§ What is required
All of the listing should be returned as written, apart from any picture in it.

§ Stored data
____________

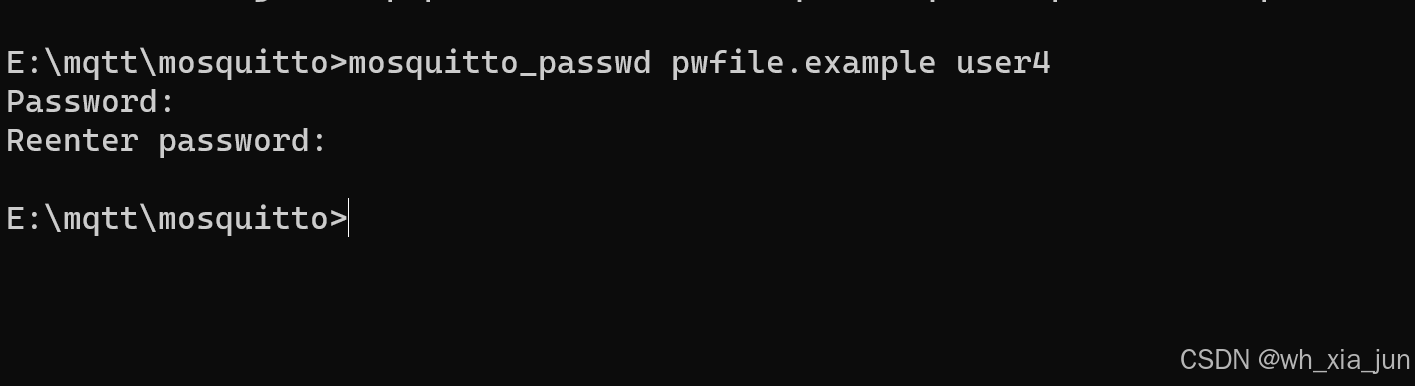 2. mosquitto_passwd -c pwfile.example 用户名:该命令相当于清楚所有的用户然后添加该用户mosquitto_passwd pwfile.example 用户名:该命令就是直接追加用户了那我这边就直接追加一个用户
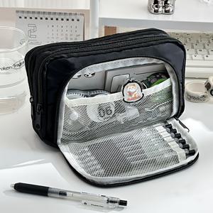 대용량 멀티 파우치 필통 20cm x 12cm x 7.5cm, 블랙
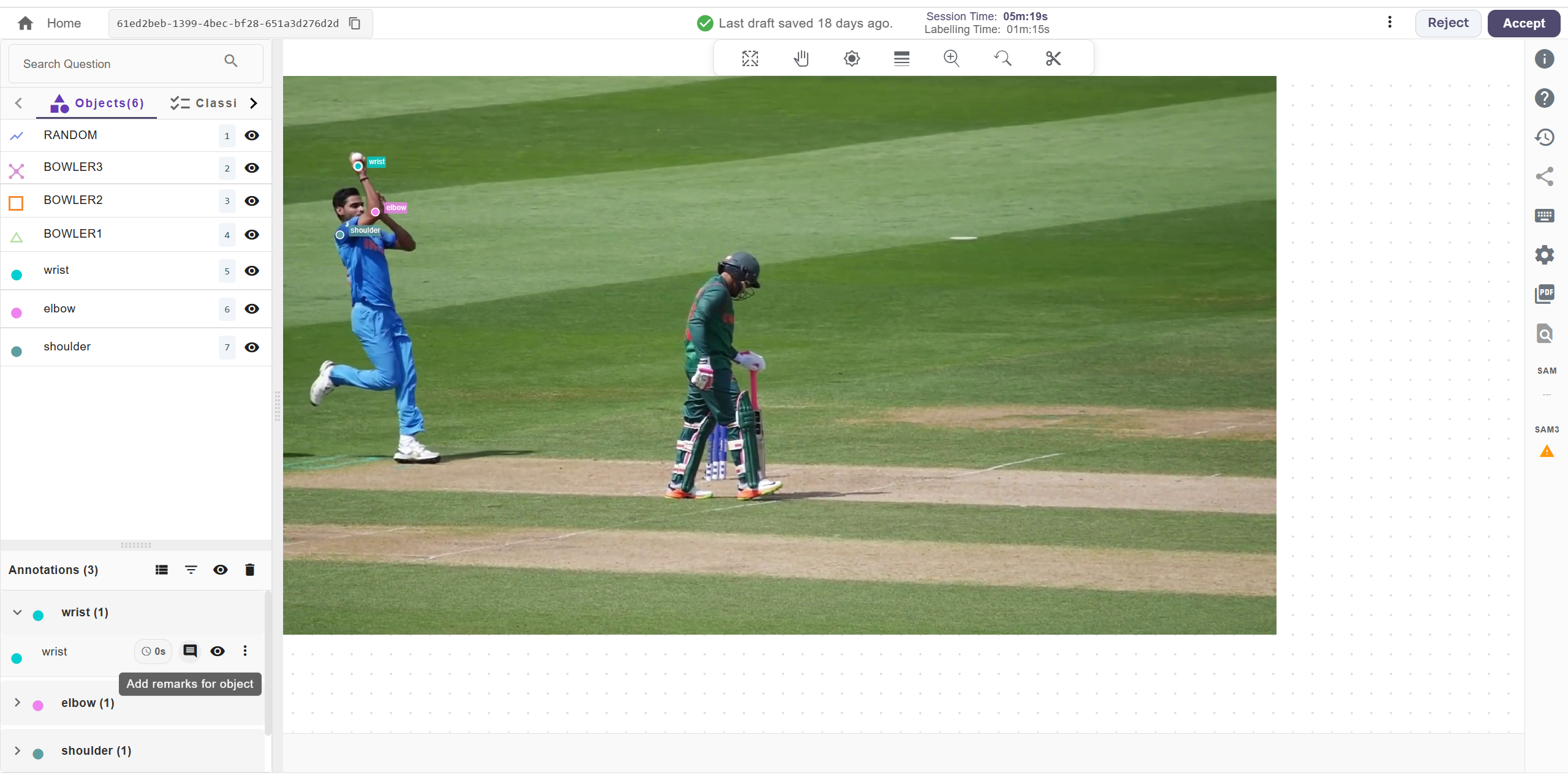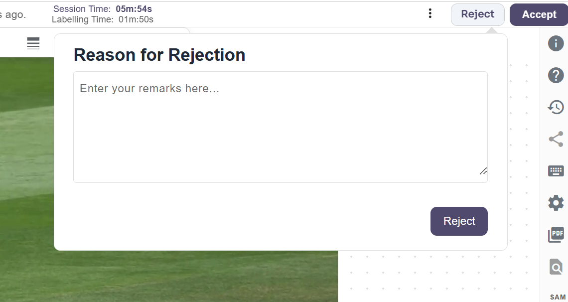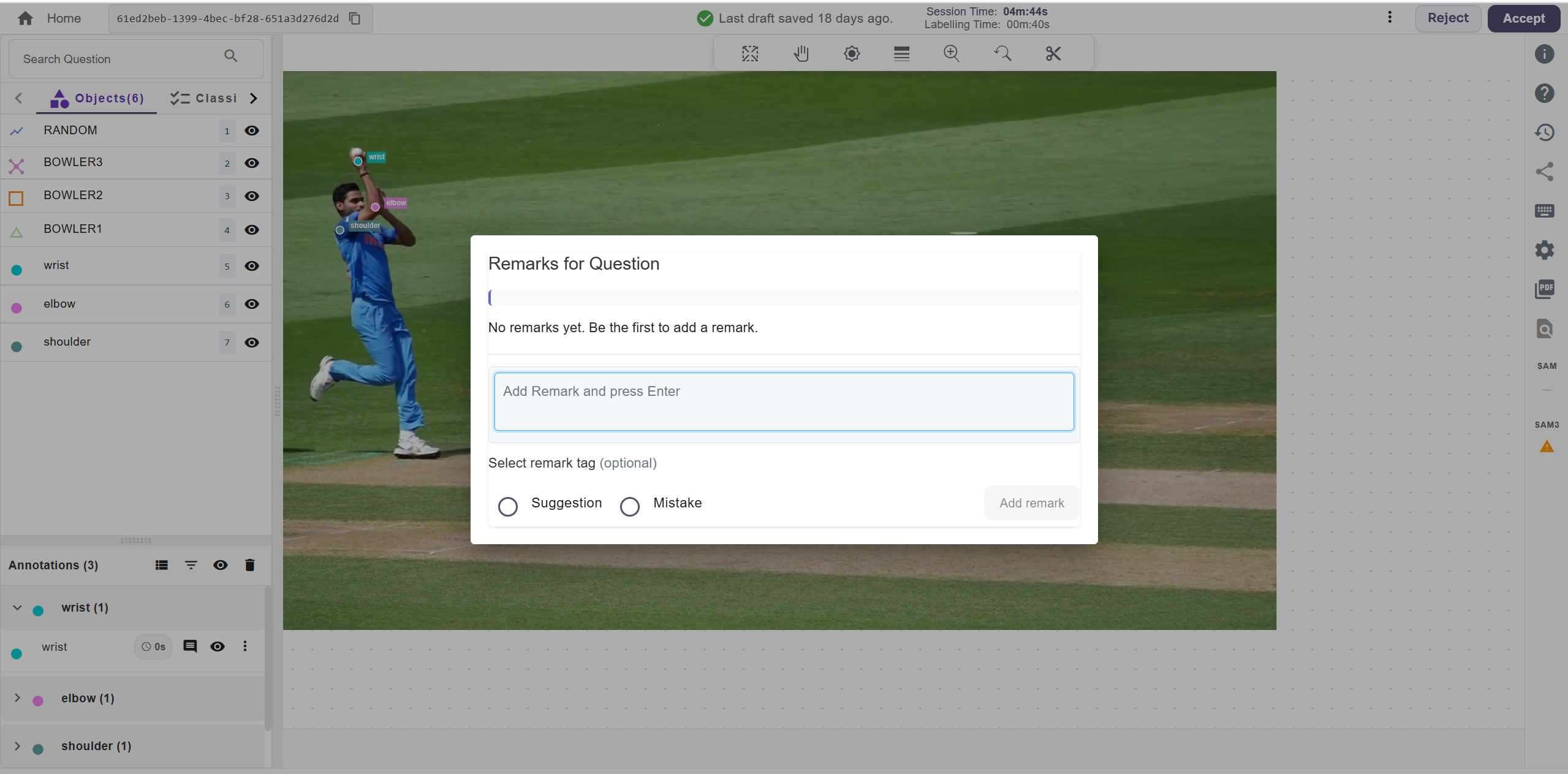 - To give remarks, click the comment icon next to the annotated object’s name and type your feedback. Select “Mistake” if the annotation is incorrect, or “Suggestion” to propose improvements. Then, click the “Add Remark” button to submit your feedback.

____________

§ Result of the exercise
 2. mosquitto_passwd -c pwfile.example 用户名:该命令相当于清楚所有的用户然后添加该用户mosquitto_passwd pwfile.example 用户名:该命令就是直接追加用户了那我这边就直接追加一个用户
 대용량 멀티 파우치 필통 20cm x 12cm x 7.5cm, 블랙
 - To give remarks, click the comment icon next to the annotated object’s name and type your feedback. Select “Mistake” if the annotation is incorrect, or “Suggestion” to propose improvements. Then, click the “Add Remark” button to submit your feedback.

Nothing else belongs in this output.